The Warriors spent much of the first quarter on Wednesday evening finding their collective pulse and five minutes after tip-off they were already eleven minutes behind. That’s a dangerous way for any team to introduce themselves to the defending champion Celtics, especially in Boston.

Gary Payton II entered with 7:21 remaining in the quarter.
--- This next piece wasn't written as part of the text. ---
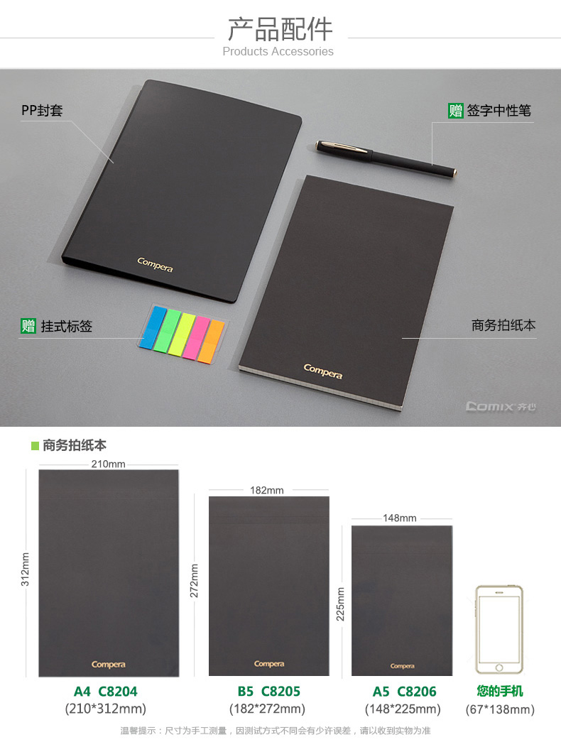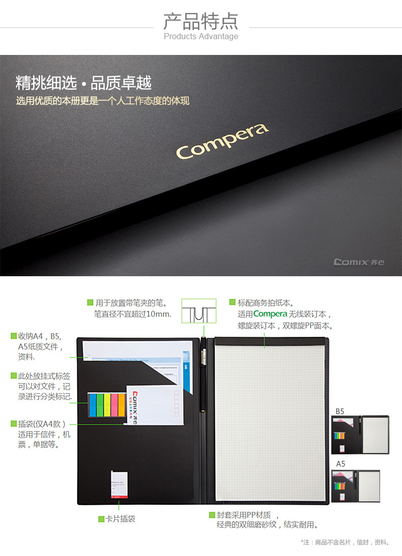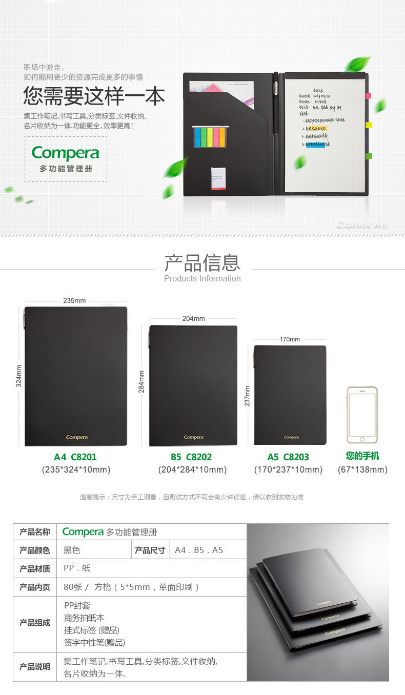 商品名称:齐心8201, Compera多功能管理册A4,经理包 商品编号:13.05.02.8201 品牌:齐心/COMIX 上架时间:2018-03-26 商品毛重:0克 产品类型:活页本 规格:A4 封面材质:PP 含量:1/5/30 如果您发现商品信息不准确,欢迎纠错;如果您发现有比51文具价格更低的,欢迎举报

Over the next seven minutes, the Celtics missed eight of nine shots, scored three goals and suddenly realized these weren’t the same Warriors they beat by 52 at TD Garden last March.

Golden State found its pulse especially with a defense that beat with enough force to engineer a 118-112 victory that certainly turned heads in the NBA.

“Once we got into the game, we were able to get into it, which made them feel a little bit uncomfortable,” coach Steve Kerr told reporters in Boston.

“It’s a statement,” said Buddy Hield, who entered the race 84 seconds after GP2. “If we don’t win this game, everyone will say, ‘Oh, they’re not playing anyone.’ So you have to come and make a statement, right?

For all the talk about depth and the increased emphasis on three-point shooting, any statement the Warriors make this season has to start with defense. It must be the source behind every leap to success, as it plays into the depth, the desired fast pace and the transition 3-balls that deflate opponents.

The Warriors have won seven of their first eight games as defense becomes routine. They swarm and catch and lurk in the passing lines. It’s enough to put the most feared offense in the league on its heels.
The Celtics, who entered the game as the NBA’s highest-scoring team, scored seven points in the final seven minutes of the opening quarter and 26 points in the final 16:38 of the first half. They shot 35.1 percent for the half.

“We’re just trying to keep bodies on bodies in the half court,” Stephen Curry said. “We know they have a very specific style. They want to hit as many 3s as possible, they want to pick certain guys and get (Jayson Tatum) in spots where he can create. They let it fly, and it’s proven successful. You have to live with some shots because you can’t guard everything. But if you have them playing in a crowd, take hard 2’s. . .

“We are a little bigger than last year,” he added. “We have more full-backs. If we can get a rebound, we’re usually in good shape.”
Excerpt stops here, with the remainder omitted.